Ключевым регуляторным компонентом в деструкции митотических циклинов является
мультисубъединичный комплекс APC (anaphase promoting complex) или циклосома. Этот
комплекс осуществляет присоединение убиквитина к циклинам и другим субстратам. Комплекс
имеет различную субстратную специфичность в переходе метафаза-анафаза и выходе из
митоза, так как связан в эти периоды с двумя различными регуляторными белками - Сdc20 и
Hct1 соответственно. Одним из субстратов ACP-Сdc20 является комплекс белков секурина и
сепарина, который удерживает вместе сестринские хроматиды хромосомы. APC-Сdc20
способствует разрушению секурина, под действием освободившегося сепарина сестринские
хроматиды расходятся, то есть осуществляется переход в анафазу. Комплекс APC-Hct1
осуществляет убиквитинирование циклина В. АСР активируется после длительного лаг-
периода посредством циклин А-Cdk2 и инактивируется под действием G1 циклинов.

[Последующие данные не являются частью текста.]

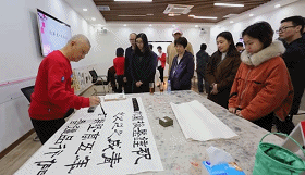 一入會場,便感受到四溢的濃濃墨香。四位老師揮毫潑墨,書畫傳情,用自己的作品傳達了對市政院新一年的祝福以及對廣大青年員工成長成才的期盼。厚重的翰墨與飛揚的青春在這里碰撞交融,在場青年員工們興致盎然,細品書畫之美,驚嘆各位書畫家的藝術(shù)水平,爭相與在場老師們交流,現(xiàn)場不時掌聲連連。
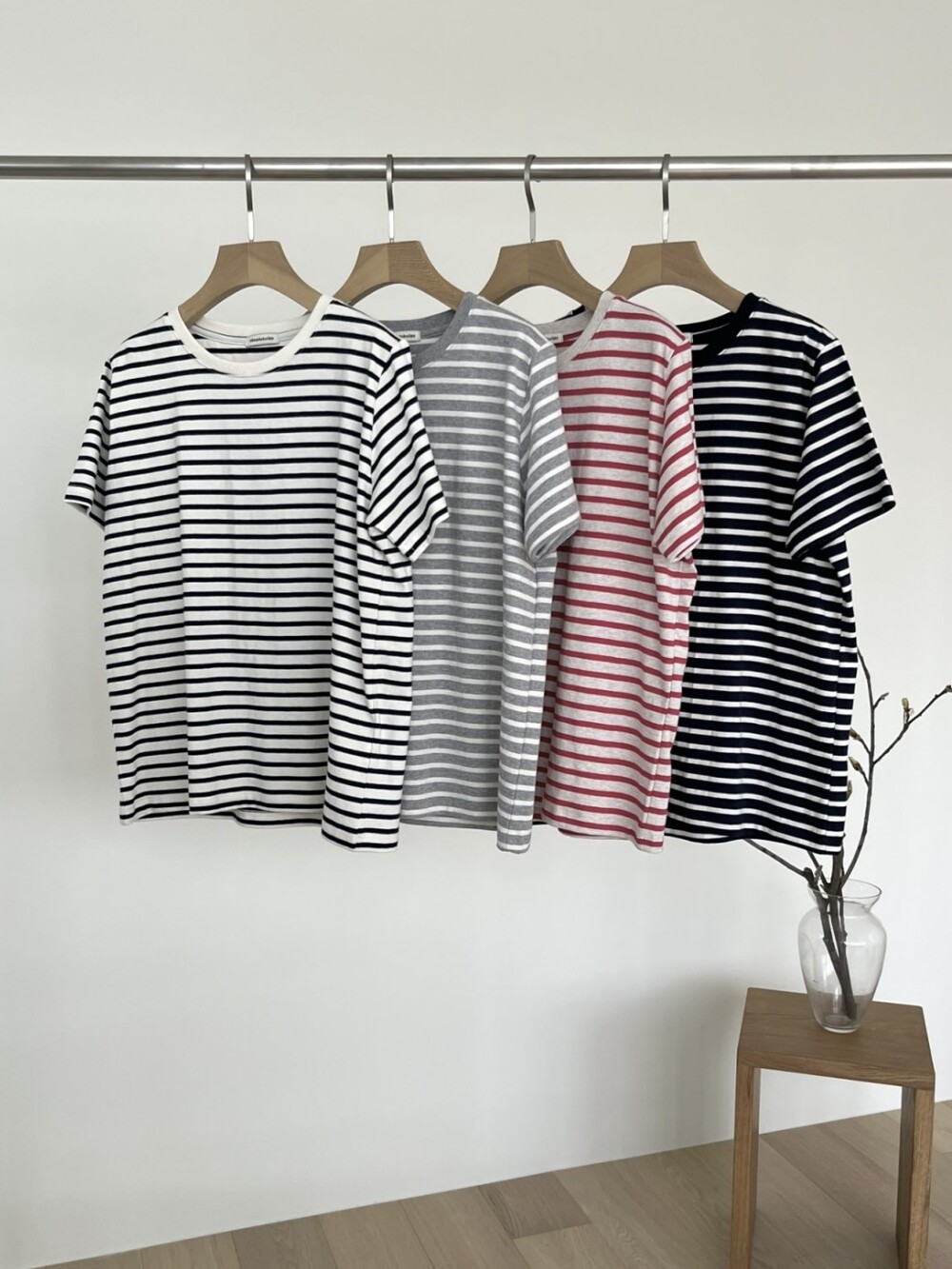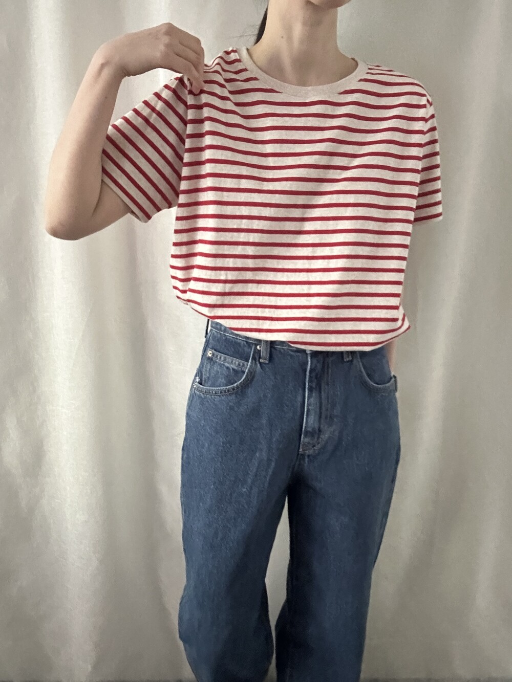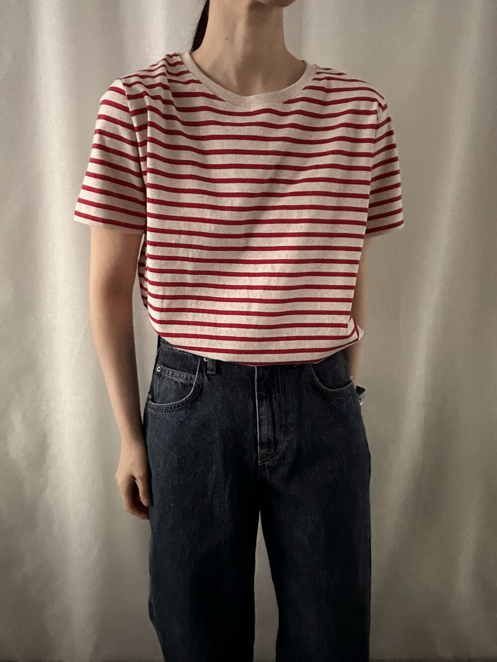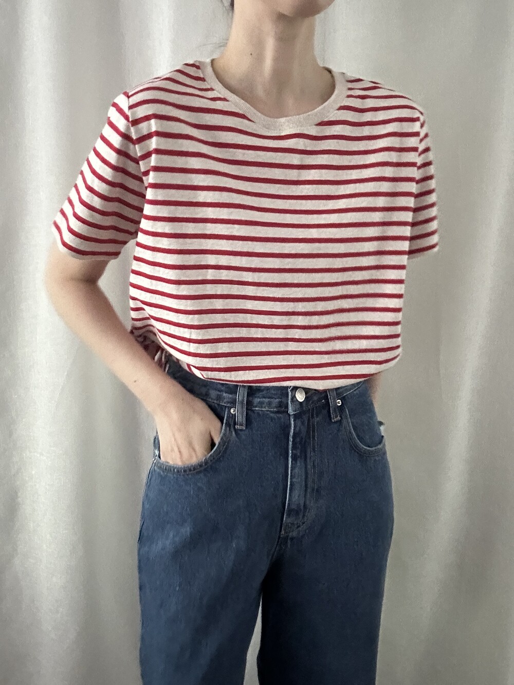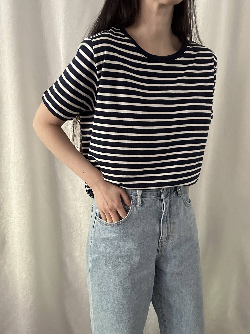 소매길이 , 총장 모두 짧지 않아 부담 없이 입기 좋으며 시간이 지나도 촌스럽지 않은 스트라이프 패턴으로 하나쯤 있으면 여름 내내 든든합니다.

Таким образом, молекулярные механизмы, которые запускают все события клеточного
цикла, должны работать по принципу "все или ничего", действуя необратимо и постоянно.
Клеточный цикл можно рассматривать как продукт программы резкого возрастания и падения
активности Cdk. Активация одного циклин-киназного комплекса должна быть не только
триггером событий клеточного цикла, но и должна инициировать активацию следующего
циклин-киназного комплекса. Таким образом, запрограммированная последовательность
передачи сигнала от одного комплекса к другому представляет собой часы клеточного цикла.
Классическим примером автономного колебания активности Cdk является колебание
активности комплекса циклин В-cdc2 (MPF) в раннем эмбрионе лягушки Xenopus. После
деструкции комплекса циклин А-cdc2 и выхода из S фазы постоянный синтез циклина В
приводит к его накоплению и, следовательно, образованию комплексов циклин В-cdc2.
Первоначально эти комплексы неактивны, так как они ингибированы фосфорилированием по
треонину-14 и тирозину-15 киназой Wee1. Однако по мере их накопления достигается порог
концентрации, при котором они могут фосфорилировать CDC25 и Wee1, вызывая
соответственно их активацию и ингибирование. Фосфорилированная CDC25 дефосфорилирует и
активирует циклин-киназный комплекс. Положительная обратная связь этих двух процессов
вызывает резкое возрастание киназной активности циклин В-cdc2. Повышенная киназная
активность вызывает переход клетки к митотическому статусу через фосфорилирование
различных клеточных субстратов. После слабо изученной лаг-фазы активированный циклин-
киназный комплекс инициирует деградацию циклина под действием убиквитин-зависимого
протеолиза. Разрушение циклина вызывает потерю киназной активности и выход из митоза.